# WTK~ PSE X-Force Dream Season



## BLFD1 (Nov 20, 2009)

So I finally got back into the archery game and my buddy who owns an archery shop is convinced that the DS is the bow for me. He has a new one in his shop that he's willing to do a trade with me on.

I was shooting an older 80# custom Martin Warthog that I had built for me years ago. I don't have any issue with the pull, so he thinks the new one will be a cinch. I shot a different X-Force the other day and really liked it... the let off was really short, but the bow was really accurate.

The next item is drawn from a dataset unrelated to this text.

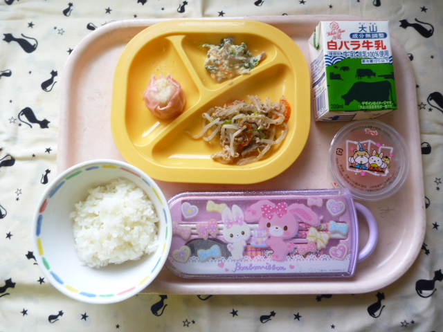 今日のゼリーは特別だよ♪おたのしみに(2022/03/04) ★ ごはん ◆● 牛もやし炒め ◆● たけのこシューマイ ◆● 白和え ★ ひな祭りゼリー ※あたたかいご飯はおかわり自由です。 ※牛乳は年長希望者のみです。 ★熱や力になるもの ◆血や肉になるもの ●体の調子を整えるもの ツイート

So I guess I'm just wondering if this sounds like it will be the bow for me? I don't have anything really to compare it to in terms of what a "newer" bow should shoot like. I'm still waiting for the parts to come in (arrows, rest, quiver, sight) and I guess now I'm wondering if I should have went with another bow.

BTW, I traded an AR-15 lower receiver for the bow.

Any input would be appreciated.


----------



## BLFD1 (Nov 20, 2009)

Bump


----------



## slowrs13 (Nov 13, 2009)

In my opinion when it comes to picking out a new bow.....It has to feel comfortable in my hand, if its not comfortable you will not be happy. You should also like the way it shoots. I like to shoot all the new bows on the market. Then make a decision.


----------



## Flingingarrows (Nov 27, 2009)

I own a 2008 PSE Dream Season with HF Cams and I love it. The draw cycle is fairly smooth, the brace height is forgiving and the bow is accurate. I would have to agree with the comments posted by Slowrs13. Make a decision on the features you are looking for and shoot as many bow brands as possible. Make a decision based on which bow feels the best in your hands. You will know what bow to choose once you have shot most of them.


----------



## bucksnortinted (Aug 24, 2006)

you won't go wrong with the x force,i have had around 8 different bows and i will have this one along time,if i was you and the x force line is the way your gonna go i would look at the x force omen,everyone i have talked to that has one says there smoking fast,smooth,accurate,quiet and dead in the hand and easy to tune.
try a few different bows and get the one you feel comfortable with,theres alot of good bows on the market no matter the brand


----------



## BLFD1 (Nov 20, 2009)

Thanks for the info guys.


----------